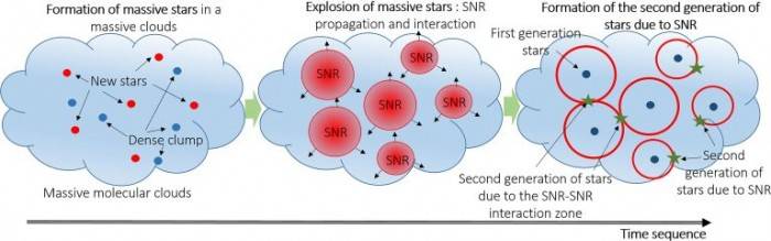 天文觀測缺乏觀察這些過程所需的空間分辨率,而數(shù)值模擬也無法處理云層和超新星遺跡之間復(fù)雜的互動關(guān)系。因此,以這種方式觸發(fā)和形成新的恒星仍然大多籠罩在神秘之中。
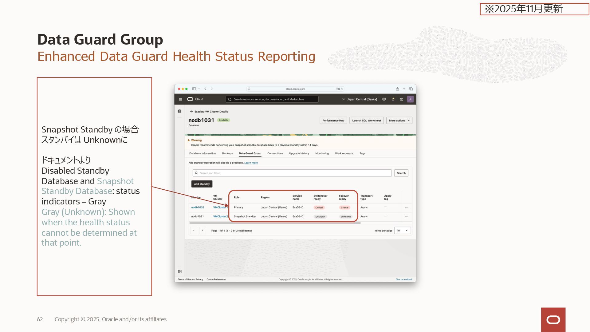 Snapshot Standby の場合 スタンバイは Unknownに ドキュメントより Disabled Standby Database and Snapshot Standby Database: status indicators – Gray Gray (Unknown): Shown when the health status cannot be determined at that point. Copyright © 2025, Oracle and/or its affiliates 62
——
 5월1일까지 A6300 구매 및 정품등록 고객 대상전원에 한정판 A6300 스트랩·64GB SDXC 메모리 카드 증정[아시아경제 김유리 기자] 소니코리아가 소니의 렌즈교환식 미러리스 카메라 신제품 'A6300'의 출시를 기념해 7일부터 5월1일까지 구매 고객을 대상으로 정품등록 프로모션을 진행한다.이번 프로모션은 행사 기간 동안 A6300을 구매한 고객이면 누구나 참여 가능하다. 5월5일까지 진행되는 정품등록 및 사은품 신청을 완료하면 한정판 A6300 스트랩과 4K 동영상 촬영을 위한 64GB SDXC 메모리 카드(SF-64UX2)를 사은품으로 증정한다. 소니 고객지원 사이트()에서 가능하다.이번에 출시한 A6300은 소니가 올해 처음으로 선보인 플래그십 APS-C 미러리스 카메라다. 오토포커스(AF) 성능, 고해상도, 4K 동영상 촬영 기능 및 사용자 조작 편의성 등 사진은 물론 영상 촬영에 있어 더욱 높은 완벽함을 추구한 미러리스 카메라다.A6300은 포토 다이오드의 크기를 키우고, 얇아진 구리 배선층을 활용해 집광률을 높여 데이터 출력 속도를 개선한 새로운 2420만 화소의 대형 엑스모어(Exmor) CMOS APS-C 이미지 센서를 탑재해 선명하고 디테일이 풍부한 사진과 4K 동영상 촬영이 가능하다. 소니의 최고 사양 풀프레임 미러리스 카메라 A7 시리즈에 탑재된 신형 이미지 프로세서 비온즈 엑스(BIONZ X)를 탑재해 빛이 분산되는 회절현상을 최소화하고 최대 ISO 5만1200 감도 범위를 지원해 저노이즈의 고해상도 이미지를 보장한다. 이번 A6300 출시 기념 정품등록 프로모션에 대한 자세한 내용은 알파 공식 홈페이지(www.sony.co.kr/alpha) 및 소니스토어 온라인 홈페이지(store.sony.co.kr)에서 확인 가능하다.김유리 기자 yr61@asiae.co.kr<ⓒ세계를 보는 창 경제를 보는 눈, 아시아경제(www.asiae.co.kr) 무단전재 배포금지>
——
Beginning with the line that contains "天文觀測缺乏觀察這些過程所需" and ending with the line that contains "Snapshot Standby の場合", reproduce the listing exactly, pictures excluded.

WRITTEN RESPONSE:
 天文觀測缺乏觀察這些過程所需的空間分辨率,而數(shù)值模擬也無法處理云層和超新星遺跡之間復(fù)雜的互動關(guān)系。因此,以這種方式觸發(fā)和形成新的恒星仍然大多籠罩在神秘之中。
 Snapshot Standby の場合 スタンバイは Unknownに ドキュメントより Disabled Standby Database and Snapshot Standby Database: status indicators – Gray Gray (Unknown): Shown when the health status cannot be determined at that point. Copyright © 2025, Oracle and/or its affiliates 62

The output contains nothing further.